BOJ’s Bold Attempt At Reviving Sagging Economy
Vinaya Patil / 05 Apr 2013

Bank of Japan joins the race of quantitative easing: Will it create more problems than solving them?
Bank of Japan joins the race of quantitative easing: Will it create more problems than solving them?
Bank of Japan (BOJ) arrived late at the party of monetary loosening among the developed nations but it arrived with a bang. After the US Federal Reserve and European Central Bank, BOJ loosened its purse strings. Under the new monetary policy, BOJ would try to achieve an inflation target of 2% from the current deflation of 0.3%.
What really surprised the market was the time frame within which the bank targets to reverse the 15 years of deflation. It has planned the purchase of long-term government debts and financial instruments linked to stock and property market. This will help to prop up the prices of the assets. It is estimated that the bank will have to buy around USD 73 billion worth of bonds every month to achieve its target.
This will constitute 1.4% of the nation’s GDP compared to 0.6% worth of bond buying done by the US Federal Reserve.
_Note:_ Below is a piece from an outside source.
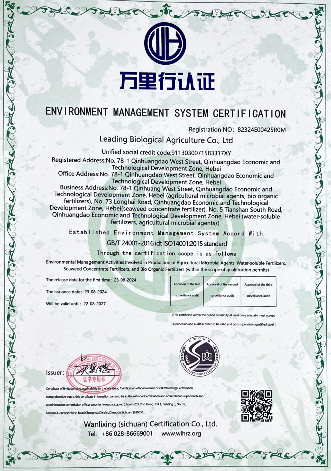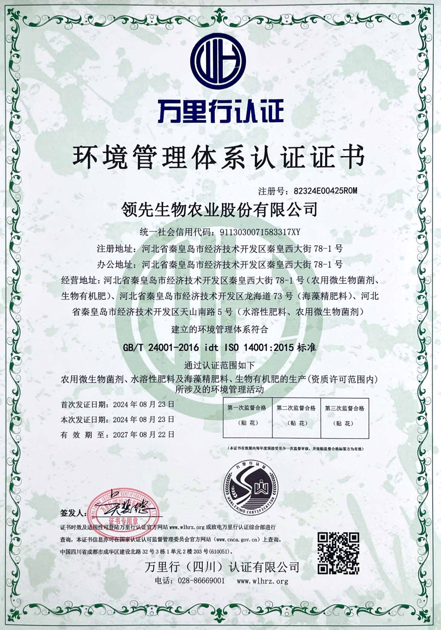 质量治理系统认证证书

In addition to this, BOJ will also increase purchases of exchange-traded funds by 1 trillion yen per year and real-estate trust funds by 30 billion yen per year. However, this is not the first attempt by BOJ with quantitative easing. It had tried once in 2001, in a milder form though, but had failed to lift the prices. Nonetheless, this is one of the most aggressive actions taken by any central bank.
The impact of the announcement was felt everywhere. The benchmark 10-year government bond yield witnessed its largest drop in a single day and fell to 0.425%, hitting an all time low. Another impact was visible on the Nikkei Stock Average that was up by 2.2% yesterday after the announcement and 1.58% today. The index is already trading at a multiyear high. Even the Yen depreciated against the US dollar and is currently trading at a three and half year low against the ‘Greenback’.
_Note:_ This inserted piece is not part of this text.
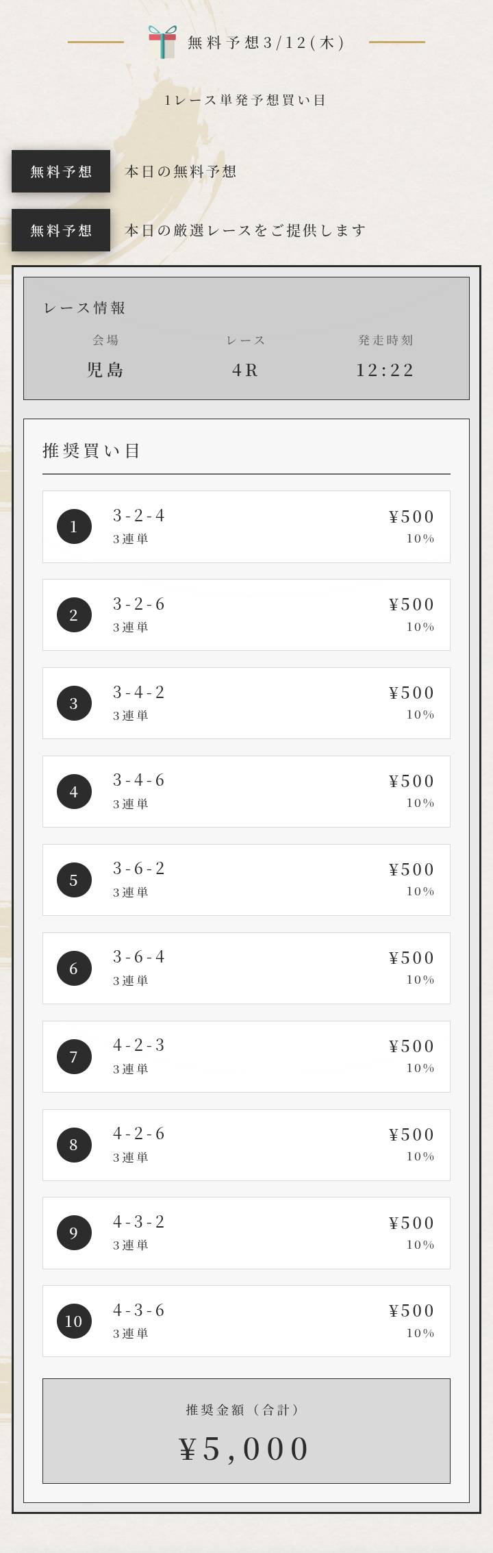 3月12日(木)児島4R3連単0円5,000円5,000円画像をチェック!

A fall in the value of Yen is definitely going to help Japanese exporters who were facing stiff completion in the global market after yen appreciated by 25% during 2009-12. Besides these short-term implications, there are some long-term ramifications that will once again hamper global financial stability, if not handled suitably.
If Haruhiko Kuroda, Governor, Bank of Japan succeeds in achieving his inflation target, it may create other problems. The rise in inflation is certainly going to be followed by a rise in the interest rates. Japan, which already has a dubious distinction of being the highest indebted country among the developed nations, a further increase in debt is going to stress the government finances.
Currently, interest payment accounts for one fourth of the government’s annual budget and if interest rate rises with a rise in the debt burden, the outcome may be disastrous. It’s not only the government finances that are going to get hurt; banks will also be equally harmed as they carry large amount of government bonds in their balance sheets. Once the bond market starts falling, the implication will be grave for the Japanese Banks who are already operating with razor- thin margins and will dwarf the recent crisis in Europe.
Regardless, this will have a positive impact on the Indian equity market. In the last 15 months, liquidity has been one of the most important factors that were supporting the market. This monetary easing will definitely spill over and money will pour into the Indian markets and will support them. Moreover, some of the companies like Maruti Suzuki India that make various payments in Yen either for imports or royalty will be positively impacted with the depreciation in Yen.